**Description of the task**. In the listing below, locate the line with "The scattered fragments" and the line with "板金パネルを組み合わせたシン", then output both and everything between them exactly, minus any pictures.

**Source information**.

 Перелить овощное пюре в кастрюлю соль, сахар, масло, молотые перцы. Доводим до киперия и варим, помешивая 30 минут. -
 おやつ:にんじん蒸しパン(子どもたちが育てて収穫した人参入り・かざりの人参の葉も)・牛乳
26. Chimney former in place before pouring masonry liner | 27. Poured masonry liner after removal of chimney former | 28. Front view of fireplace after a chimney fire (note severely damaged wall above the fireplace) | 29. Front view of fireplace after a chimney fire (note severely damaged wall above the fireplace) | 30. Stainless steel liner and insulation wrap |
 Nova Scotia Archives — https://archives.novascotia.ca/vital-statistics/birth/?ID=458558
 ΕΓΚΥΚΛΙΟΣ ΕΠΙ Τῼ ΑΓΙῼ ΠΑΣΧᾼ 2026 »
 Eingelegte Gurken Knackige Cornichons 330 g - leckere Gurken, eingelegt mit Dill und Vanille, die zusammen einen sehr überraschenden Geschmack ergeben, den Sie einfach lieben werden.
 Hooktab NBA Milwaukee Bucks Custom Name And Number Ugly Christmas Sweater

--

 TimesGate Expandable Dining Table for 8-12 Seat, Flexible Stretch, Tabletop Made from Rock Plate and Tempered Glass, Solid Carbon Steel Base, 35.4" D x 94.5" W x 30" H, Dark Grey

--

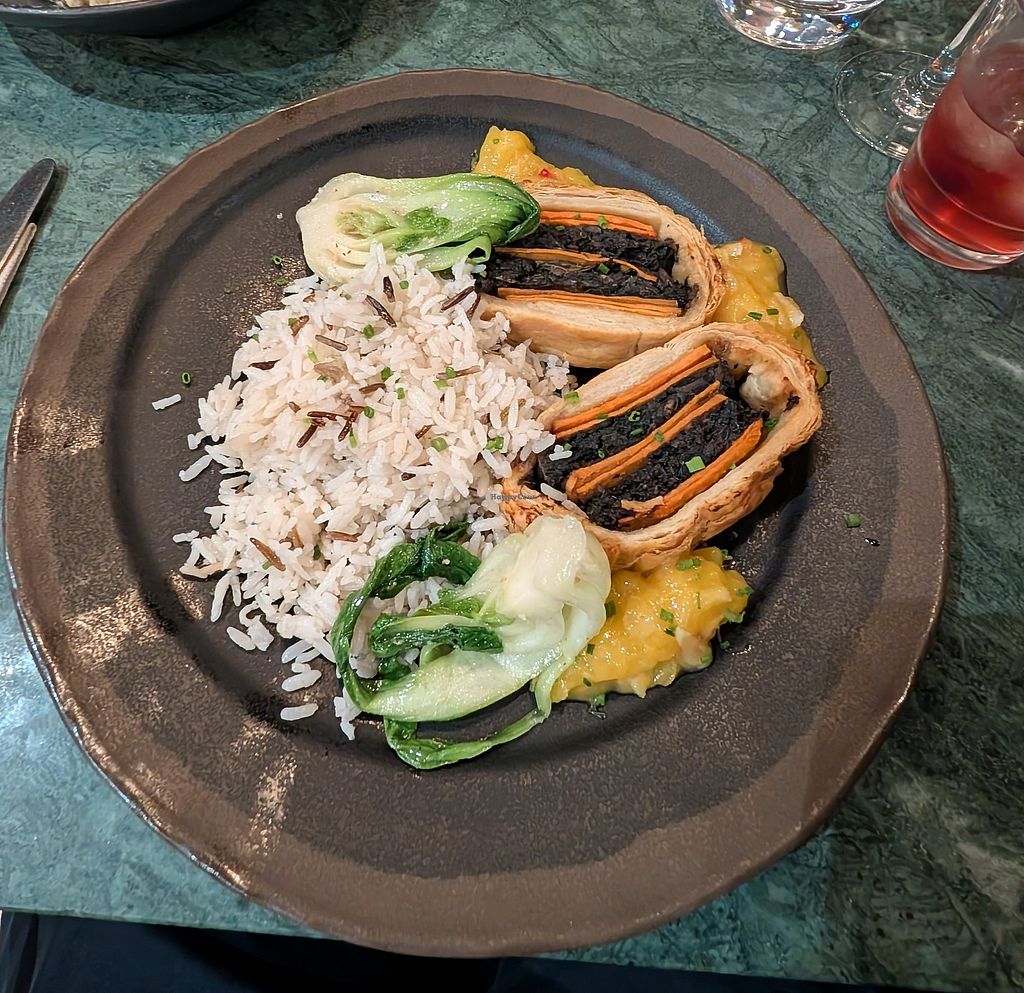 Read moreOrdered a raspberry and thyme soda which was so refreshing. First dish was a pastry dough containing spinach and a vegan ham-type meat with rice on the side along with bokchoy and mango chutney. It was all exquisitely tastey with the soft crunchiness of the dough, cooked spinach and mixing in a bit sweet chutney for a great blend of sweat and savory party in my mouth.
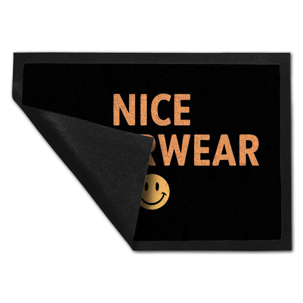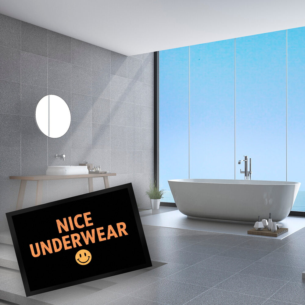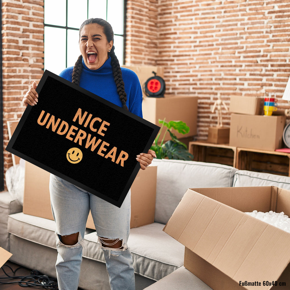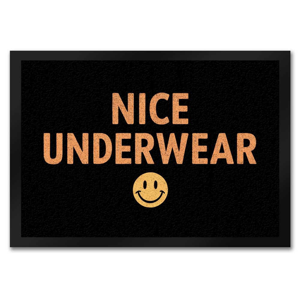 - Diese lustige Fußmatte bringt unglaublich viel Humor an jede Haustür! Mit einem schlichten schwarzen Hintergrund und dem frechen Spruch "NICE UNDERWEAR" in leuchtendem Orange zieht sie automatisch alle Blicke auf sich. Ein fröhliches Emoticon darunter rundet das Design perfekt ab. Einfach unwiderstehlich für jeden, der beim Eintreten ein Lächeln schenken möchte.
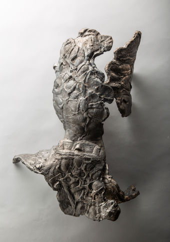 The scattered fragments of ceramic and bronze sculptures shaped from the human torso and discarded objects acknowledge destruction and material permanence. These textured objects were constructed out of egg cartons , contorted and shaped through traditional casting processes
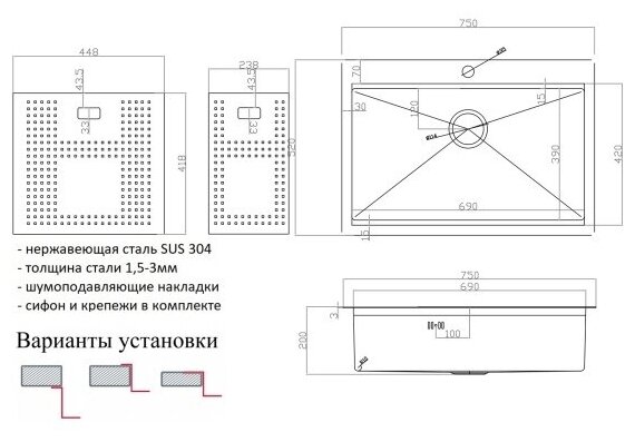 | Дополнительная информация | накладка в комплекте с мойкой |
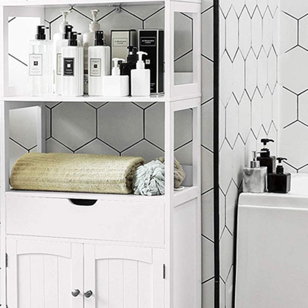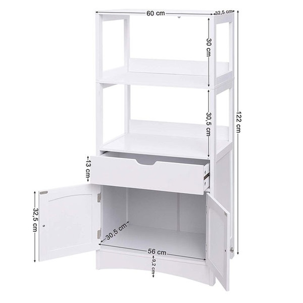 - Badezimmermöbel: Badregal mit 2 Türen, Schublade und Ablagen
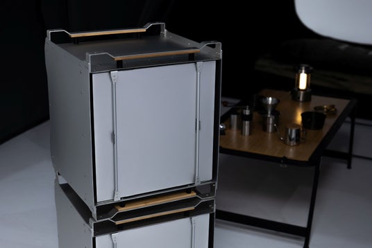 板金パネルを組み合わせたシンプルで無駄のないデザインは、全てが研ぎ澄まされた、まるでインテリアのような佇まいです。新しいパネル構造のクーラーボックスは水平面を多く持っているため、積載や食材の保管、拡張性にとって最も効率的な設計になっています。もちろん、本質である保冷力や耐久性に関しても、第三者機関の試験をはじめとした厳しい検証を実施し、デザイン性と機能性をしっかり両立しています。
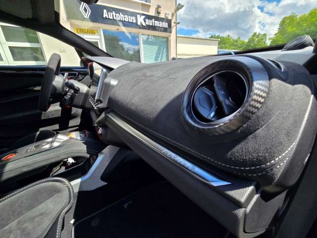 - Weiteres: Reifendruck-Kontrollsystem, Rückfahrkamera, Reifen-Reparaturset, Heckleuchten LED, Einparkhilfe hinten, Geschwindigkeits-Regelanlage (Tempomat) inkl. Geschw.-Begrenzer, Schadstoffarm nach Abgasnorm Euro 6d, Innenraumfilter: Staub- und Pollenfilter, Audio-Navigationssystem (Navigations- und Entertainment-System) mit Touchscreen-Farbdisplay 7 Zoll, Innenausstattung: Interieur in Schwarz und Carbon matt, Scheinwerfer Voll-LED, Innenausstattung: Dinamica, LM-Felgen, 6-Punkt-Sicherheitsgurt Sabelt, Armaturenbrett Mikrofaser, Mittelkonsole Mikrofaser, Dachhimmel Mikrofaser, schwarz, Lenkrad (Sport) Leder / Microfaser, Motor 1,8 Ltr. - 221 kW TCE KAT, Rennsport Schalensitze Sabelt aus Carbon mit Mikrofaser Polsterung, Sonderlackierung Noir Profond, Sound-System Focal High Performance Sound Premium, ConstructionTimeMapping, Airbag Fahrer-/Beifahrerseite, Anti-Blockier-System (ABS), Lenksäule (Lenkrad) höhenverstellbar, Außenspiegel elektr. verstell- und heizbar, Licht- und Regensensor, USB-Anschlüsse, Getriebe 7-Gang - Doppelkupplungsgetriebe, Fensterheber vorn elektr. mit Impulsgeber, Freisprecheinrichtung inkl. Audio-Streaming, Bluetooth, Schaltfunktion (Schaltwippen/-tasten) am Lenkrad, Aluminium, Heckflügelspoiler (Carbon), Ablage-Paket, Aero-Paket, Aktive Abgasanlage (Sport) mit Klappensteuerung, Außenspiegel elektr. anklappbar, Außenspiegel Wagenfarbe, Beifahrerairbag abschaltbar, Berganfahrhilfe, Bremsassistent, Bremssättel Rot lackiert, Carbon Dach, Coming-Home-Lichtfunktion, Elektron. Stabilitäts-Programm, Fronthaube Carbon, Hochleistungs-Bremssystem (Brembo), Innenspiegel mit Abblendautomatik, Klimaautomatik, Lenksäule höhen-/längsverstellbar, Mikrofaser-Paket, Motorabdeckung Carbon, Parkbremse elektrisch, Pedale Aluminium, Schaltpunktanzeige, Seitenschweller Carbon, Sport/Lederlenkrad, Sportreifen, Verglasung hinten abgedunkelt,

**Final answer**.
 The scattered fragments of ceramic and bronze sculptures shaped from the human torso and discarded objects acknowledge destruction and material permanence. These textured objects were constructed out of egg cartons , contorted and shaped through traditional casting processes
 | Дополнительная информация | накладка в комплекте с мойкой |
 - Badezimmermöbel: Badregal mit 2 Türen, Schublade und Ablagen
 板金パネルを組み合わせたシンプルで無駄のないデザインは、全てが研ぎ澄まされた、まるでインテリアのような佇まいです。新しいパネル構造のクーラーボックスは水平面を多く持っているため、積載や食材の保管、拡張性にとって最も効率的な設計になっています。もちろん、本質である保冷力や耐久性に関しても、第三者機関の試験をはじめとした厳しい検証を実施し、デザイン性と機能性をしっかり両立しています。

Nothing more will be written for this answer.